The autonomous car disruption is about to be disrupted

autonomous car
Image credit | AndreyPopov

It might come as no surprise but not many people would be willing to pay more – or at least a lot more – for an autonomous car than a traditional one.

In a global survey by AlixPartners, across six key markets and using a respondent base of 6,500 people, the report makes gloomy reading for automotive players thinking that they might get away with big premiums for autonomous offerings and make their money that way.

The stats read like this:

  • The Chinese are only prepared to pay an 8% premium for a fully autonomous vehicle (against the current semi-autonomous offerings)
  • Germany, on the other hand, would pay a 24% premium
  • If ride hailing or robotaxis represented a real cost saving, 84% of Chinese people would consider using such a service
  • Most Chinese and others said they would wait five years after the widespread use of autonomous vehicles before they would consider buying one
  • Most Chinese believe that autonomous cars are inherently safer than traditional ones.

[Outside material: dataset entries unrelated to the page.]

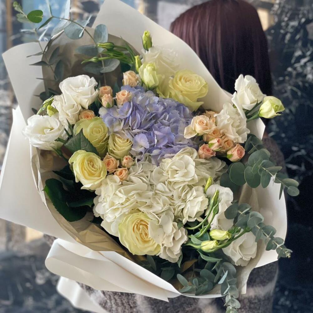 Букет разноцветных гортензий
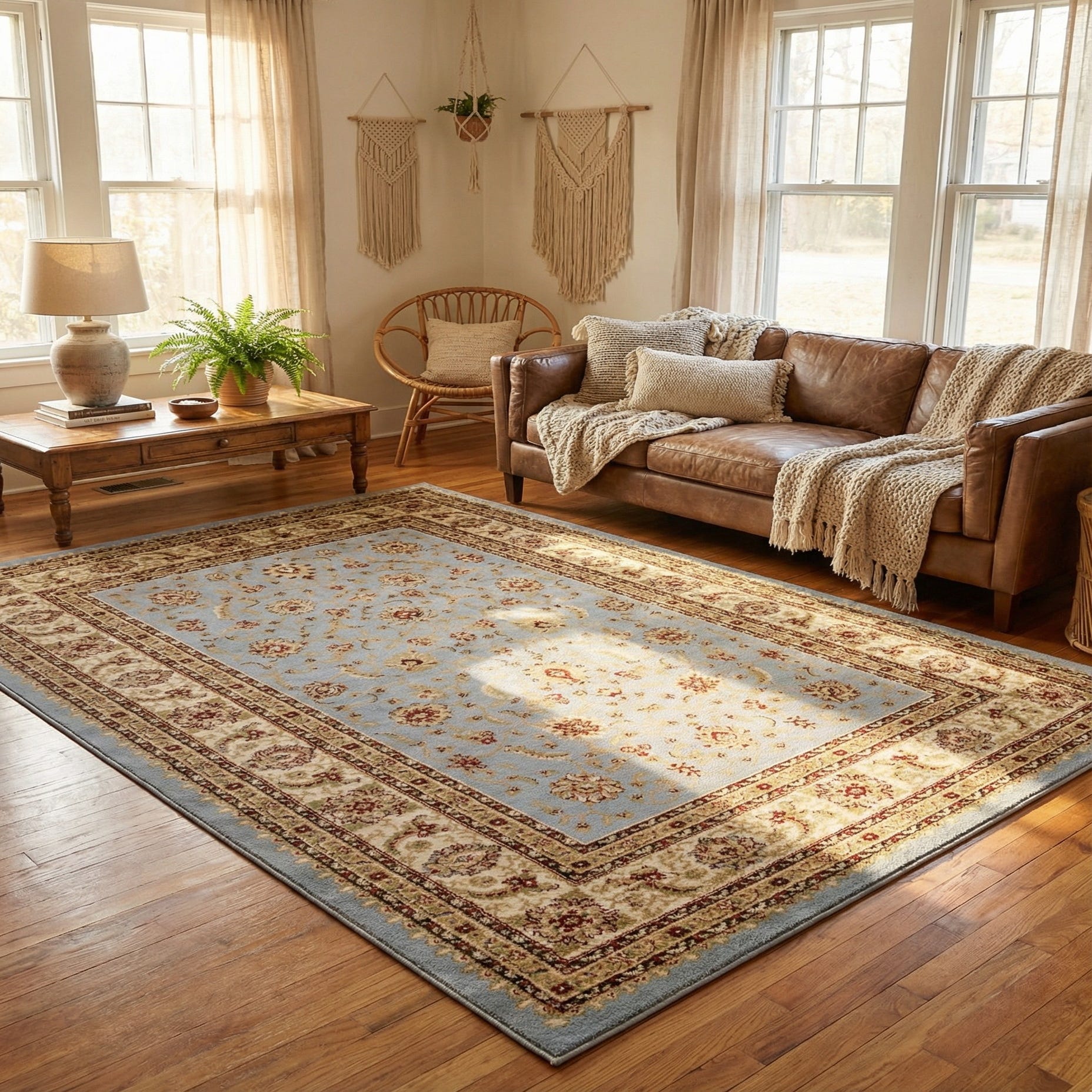 Primary color is Light Blue. Colors in this rug include: Light Blue, Brown, Cream, Green, Tan.
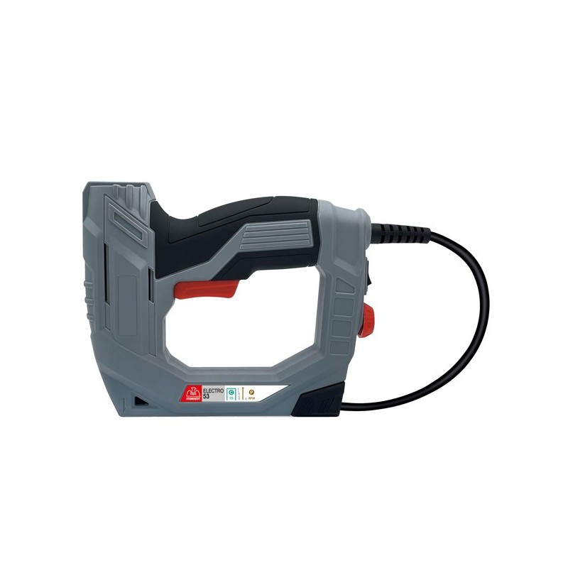 Fissatrice elettrica ideale per tutti i lavori di fissaggio e per l'installazione di isolamenti, allestimenti di stand fieristici ecc. Dotata di manopola di regolazione della potenza di infissione. Velocità: Max. velocità di utilizzo = 20 colpi al minuto.
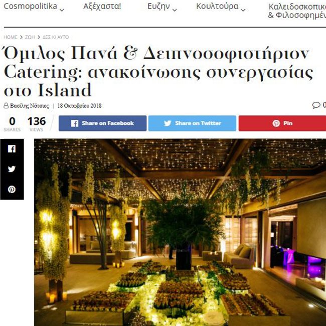 The Panas Group and Dipnosofistirion Catering Services announced a strategic partnership in which DIPNOSOFISTIRION undertook catering services for all events in Island venues.
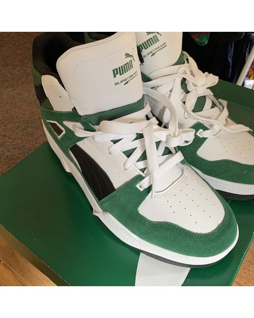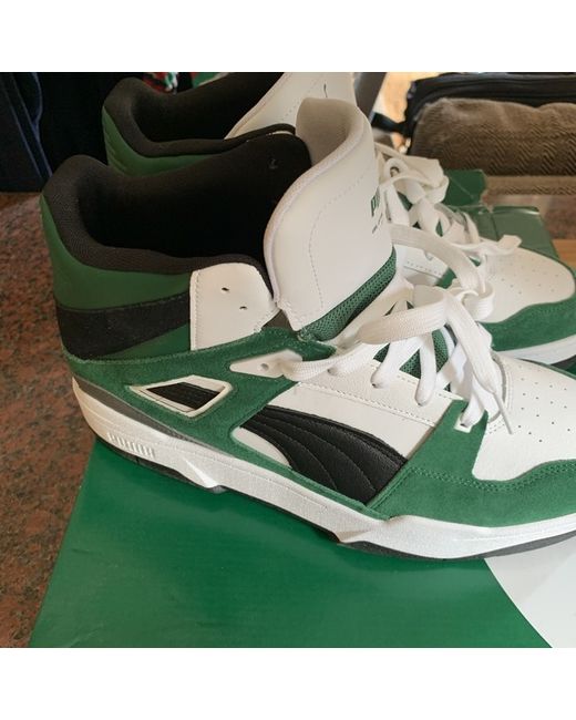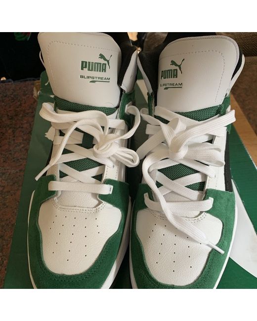Puma high top slipstream trainers in box never worn. White/ green size 11.
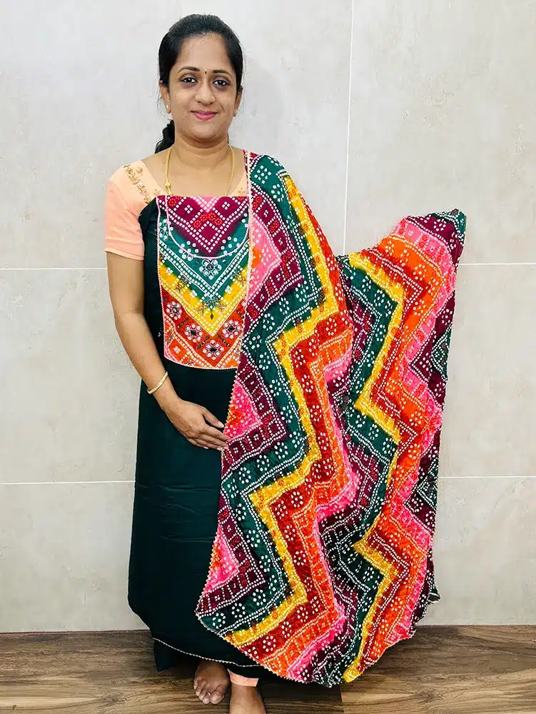 Soft Cotton top with mirror worked bhandini patch work on yoke paired with bhandini silk dupatta and rayon bottom
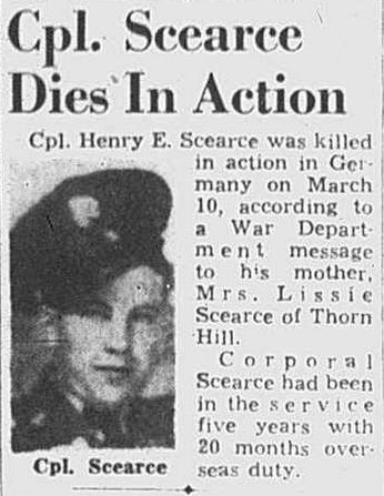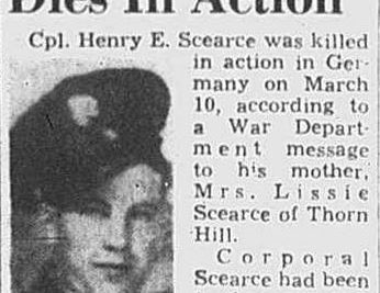 Cpl. Scearce enlisted in the U.S. Army in 1943. Surviving are his mother, Mrs. Lizzie Scearce, and two brothers, Robert Scearce of Franklin, Ohio, and Sam Scearce of Thorn Hill.
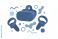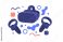 • Modern virtual reality headset and controllers surrounded by abstract geometric shapes and fluid elements
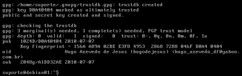 Veja que na figura acima houve um problema que a entropia não foi suficiente. Isso foi proposital, pois deixei o computador parado só para ver o que iria acontecer. Caso apareça essa mensagem, basta fazer os procedimentos solicitados (mexer o mouse, teclado etc) para que essa etapa seja concluída. Veja na figura a seguir que ao se fazer isso um par de chaves vai ser criado e assinado e o seu UID (User ID) aparecerá:
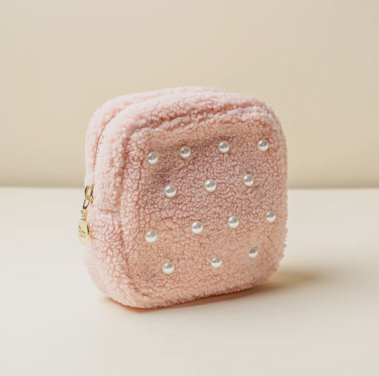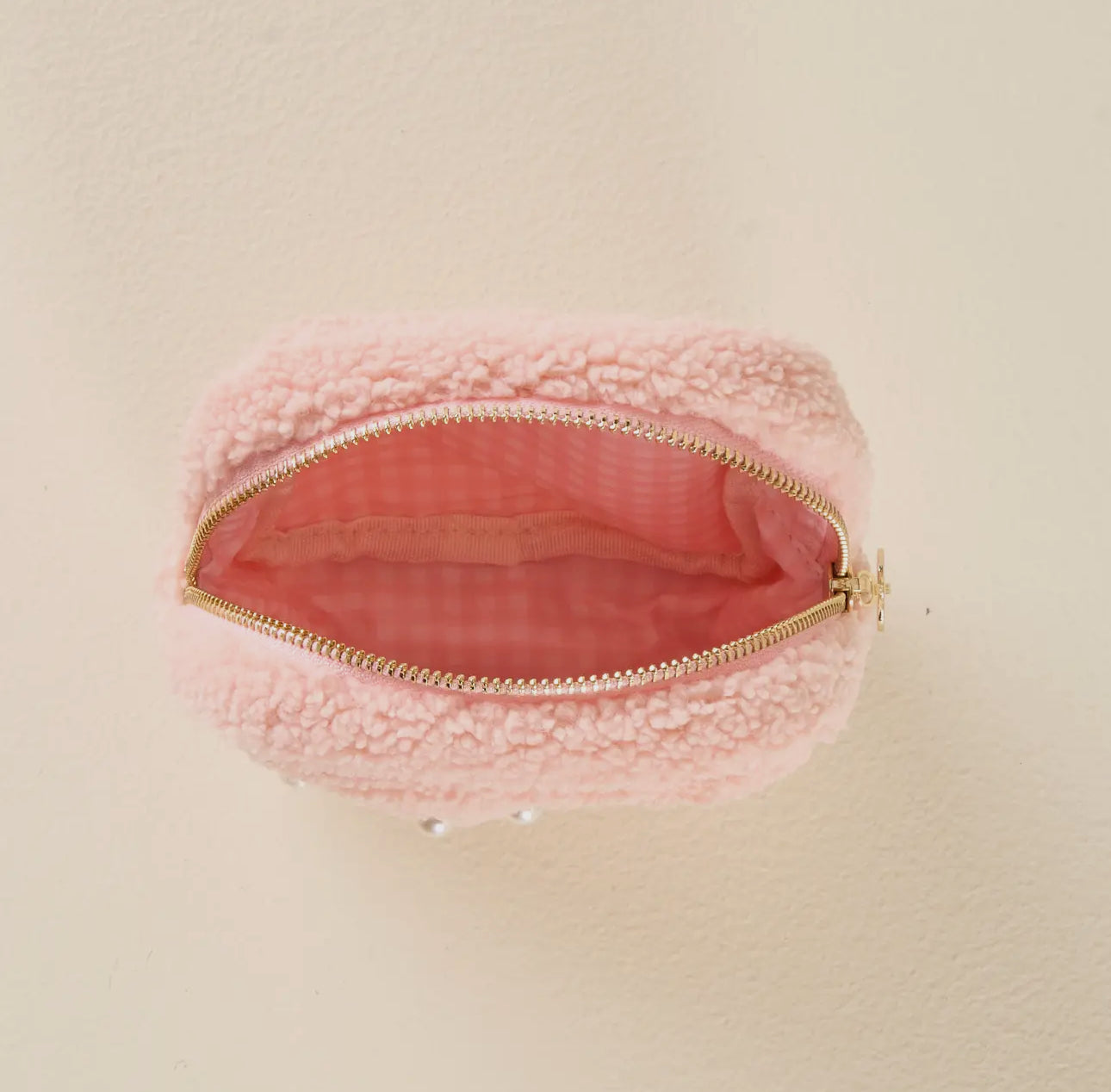 Keep your essentials safe, secure, and stylish in our lovely Teddy Pouches! Made from irresistibly soft sherpa material, these pouches feature adorable details that make them a joy to carry. With a darling, wipeable interior lining and chic gold hardware, they’re perfect for cosmetics, travel, purse organization, and so much more.
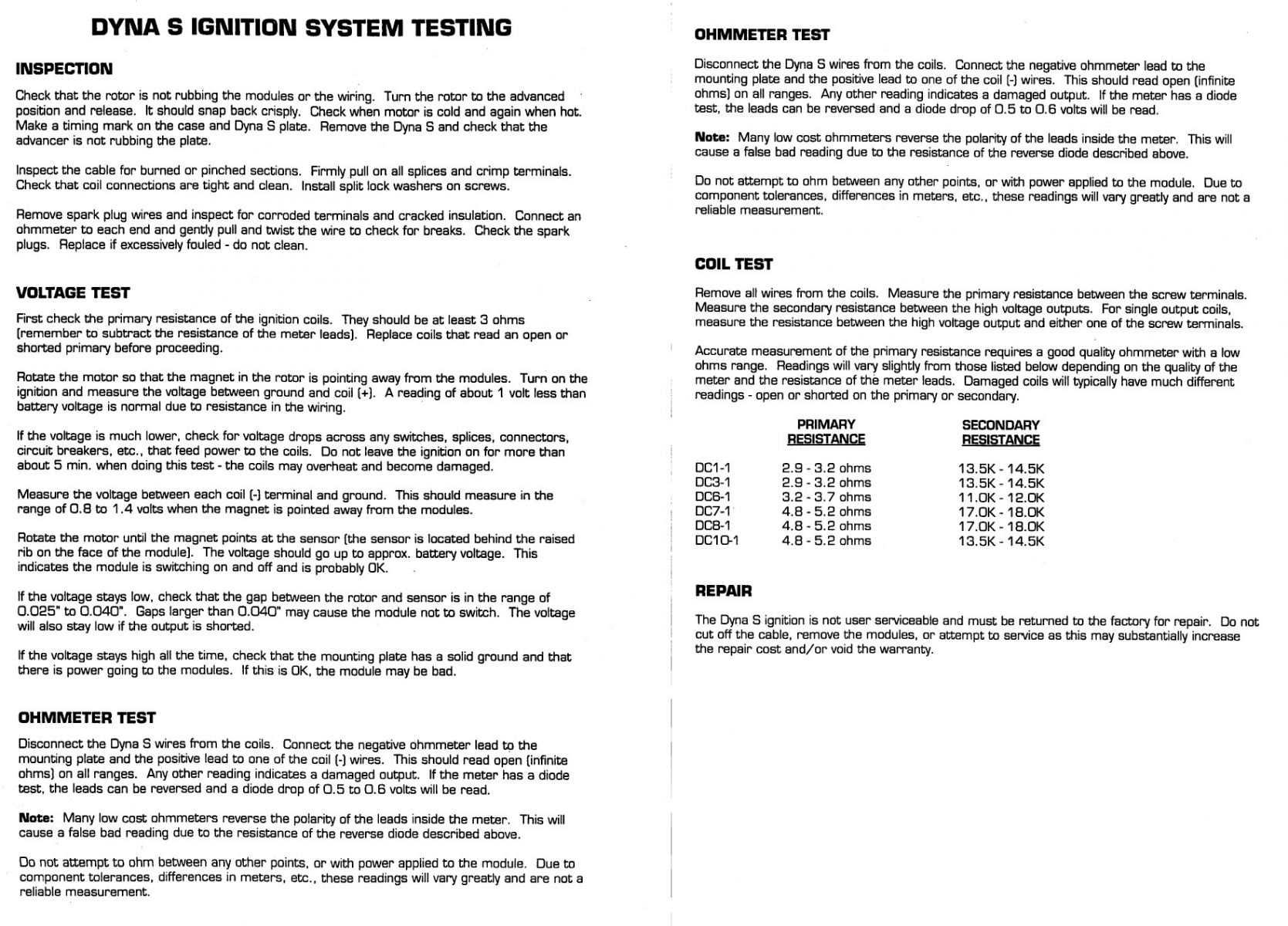 okay, thanks for all the help guys, im gonna borrow a voltage tester and test according to dynas module test method. if it turns out that this is the problem should i just replace? or is there a better option? i dont want to go back to points though lol.
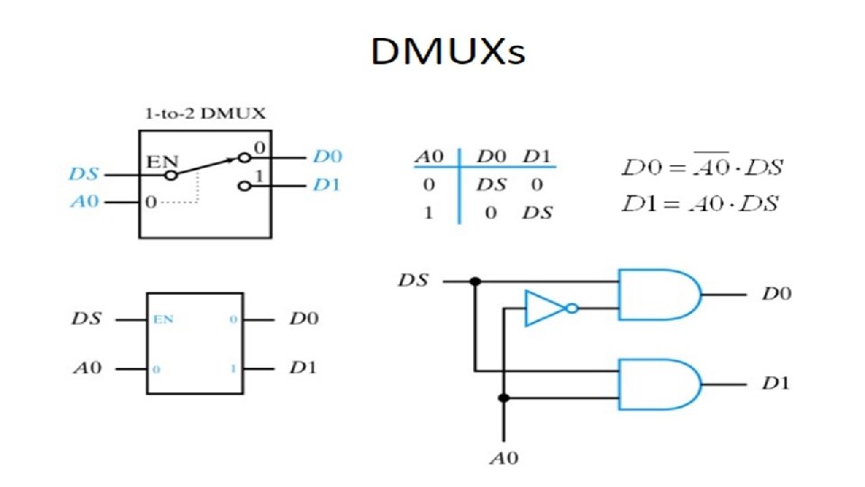 The logical level applied to the S input determines which AND gate is enabled, so that its data input passes through the OR gate to the output. The output, Y=D 0 S’+D 1 S When S=0, AND gate 1 is enabled and AND gate 2 is disabled. So, Y=DO S=1, AND gate 1 is disabled and AND gate 2 is enabled. So, Y=D 1
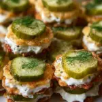 Knusprige Ritz-Cracker gefüllt mit einer cremigen Käsemischung und frischen Dillgurken – ein perfekter Snack für jede Feier.

Whilst this survey reads, the first time over, as pedestrian, the impact of these findings is potentially huge.

China is the largest automotive market in the world and the vast majority of its people would rather use a ride sharing service than buy a car. They would pay a tiny premium for an autonomous car – if they did choose to buy one.

And if that was not enough to send the traditional automotive executives back to the drawing board, they will wait for five years after the roll out of the first wave of autonomous cars – so, say about 10 years from now, at the earliest.

Whichever way you look at it, it is bad news for the automotive industry that thought it could carry on making, well, expensive cars. It looks like the market will not buy them.

It perhaps proves, if proof is needed, that the disruption in the automotive market is creating a fundamental misconception.

The automotive industry believes it is putting computers in cars. The tech industry believes it is putting wheels on computers.

Given the different cost structures and the two industries’ appetite for change and innovation, it doesn’t take a genius to figure out who to put the money on.

While the traditional banks, sorry, automotive companies acquire and merge and try defensive move after defensive move, the tech companies are busy doing what they do best.

Innovating.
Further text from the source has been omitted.